**Goal of the exercise**
Write out exactly the lines below starting at the one containing "圖9水硬度對烷基硫酸鹽表面張力曲線的影響以及對大型水蚤的有毒表面張力值。" and ending at the one containing "This Swatch watch". Omit every picture.

**Source information**

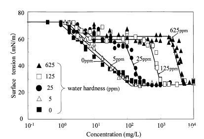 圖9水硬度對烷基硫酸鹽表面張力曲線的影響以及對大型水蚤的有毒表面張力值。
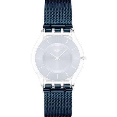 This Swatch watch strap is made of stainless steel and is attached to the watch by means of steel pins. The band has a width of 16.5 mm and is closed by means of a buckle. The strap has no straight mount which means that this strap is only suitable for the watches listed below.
* * *
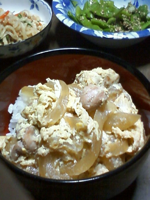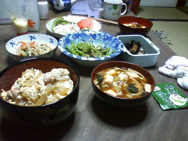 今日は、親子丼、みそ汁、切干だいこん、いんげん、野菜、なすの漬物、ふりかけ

**Solved exercise**
 圖9水硬度對烷基硫酸鹽表面張力曲線的影響以及對大型水蚤的有毒表面張力值。
 This Swatch watch strap is made of stainless steel and is attached to the watch by means of steel pins. The band has a width of 16.5 mm and is closed by means of a buckle. The strap has no straight mount which means that this strap is only suitable for the watches listed below.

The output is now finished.